Apranga Group
- Type: Public
- Traded as: Nasdaq Baltic: APG1L
- Industry: Clothing retail
- Founded: 1 March 1993
- Headquarters: Vilnius
- Area served: Lithuania, Latvia and Estonia
- Key people: Rimantas Perveneckas, director-general; Darius Mockus, chairman
- Revenue: ▲€269,7 million (2023)
- Owner: MG grupė, UAB
- Number of employees: 808 (August, 2024)
- Website: aprangagroup.lt/en

= Apranga Group =

Lithuanian clothing retail chain

Apranga Group is a clothing retail chain in Lithuania and the Baltic states. Apranga group consists of the main company APB "Apranga" and 18 subsidiary companies. Aprangas Group manages a network of 166 stores in the Baltic countries.

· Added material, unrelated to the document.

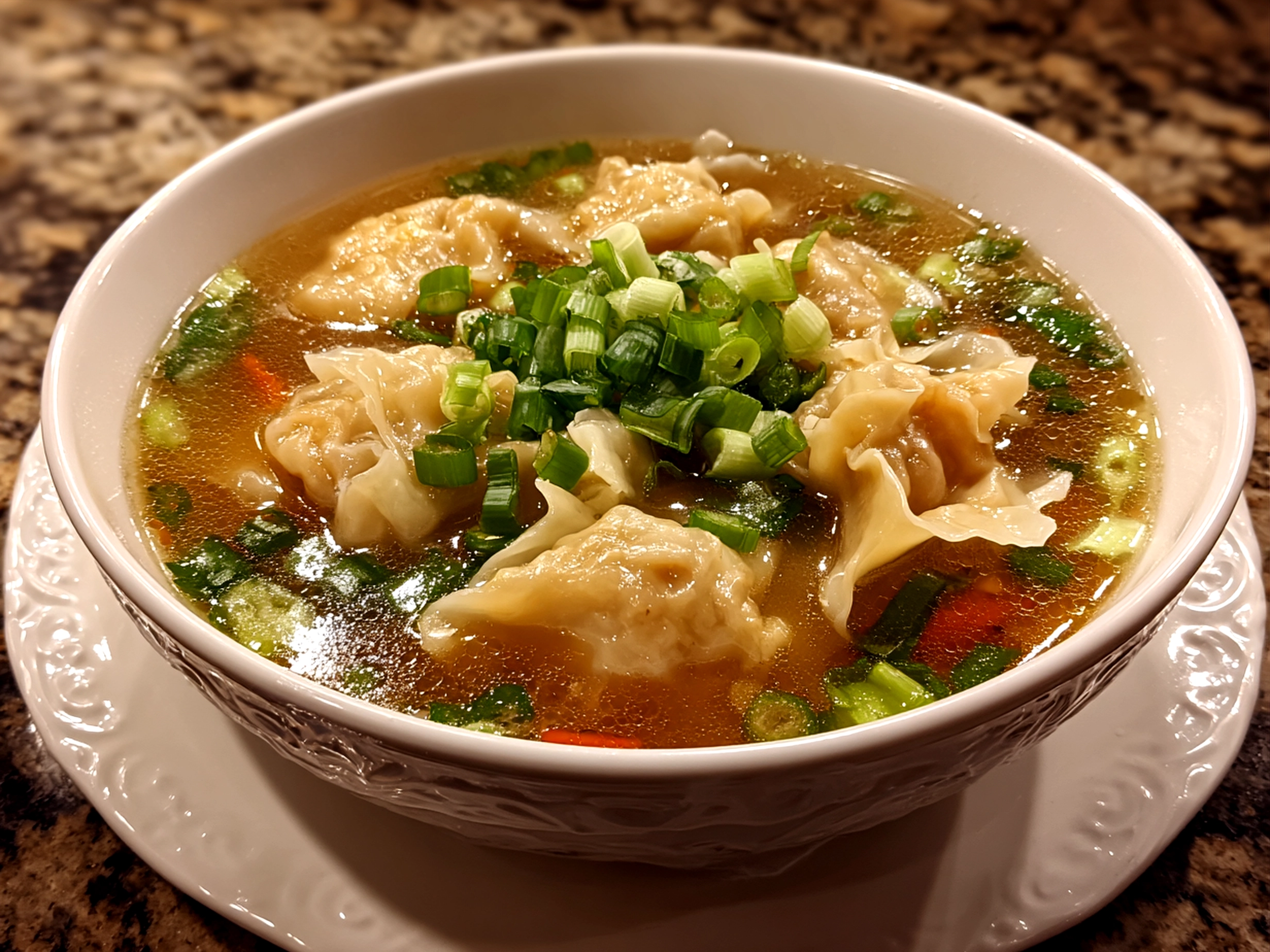 A warm and comforting Asian wonton soup featuring delicate handmade wontons, a fragrant savory broth, and a medley of fresh, crisp vegetables for a nourishing meal.
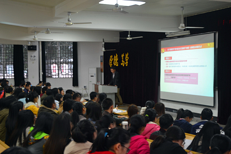 为进一步加强党风党纪建设,深入学习贯彻党的十八届六中全会精神,不断深化“两学一做”学习教育效果,2016年11月8日下午16:00,我院在屏风校区9栋101教室举办了“两学一做”学习教育专题党课,题为《全面从严治党开启新征程--十八届六中全会公报解读》。本次党课由我院党委副书记张瑞老师主讲。学院全体第一书记、学生党员参加了此次党课。

It runs stores under various brands, often under franchise agreements, including:
- Zara, Pull and Bear, and Bershka
- Mango, Stradivarius.
- Hugo Boss, Emporio Armani, and other luxury brands.

Apranga is listed on the NASDAQ OMX Vilnius Stock Exchange and is owned by MG Baltic. In 2007, Euromoney ranked it 1st in Lithuania among "Emerging Europe's Best Managed Companies" In 2009, Apranga made a net loss of 17 m LTL on retail turnover of 393 m LTL. As of 2014, Apranga owned 152 stores, of which 94 were in Lithuania, 43 in Latvia and 15 in Estonia. As of April 1, 2014, the sales area was 70,400 square meters.

Apranga has 192 stores around the Baltic States.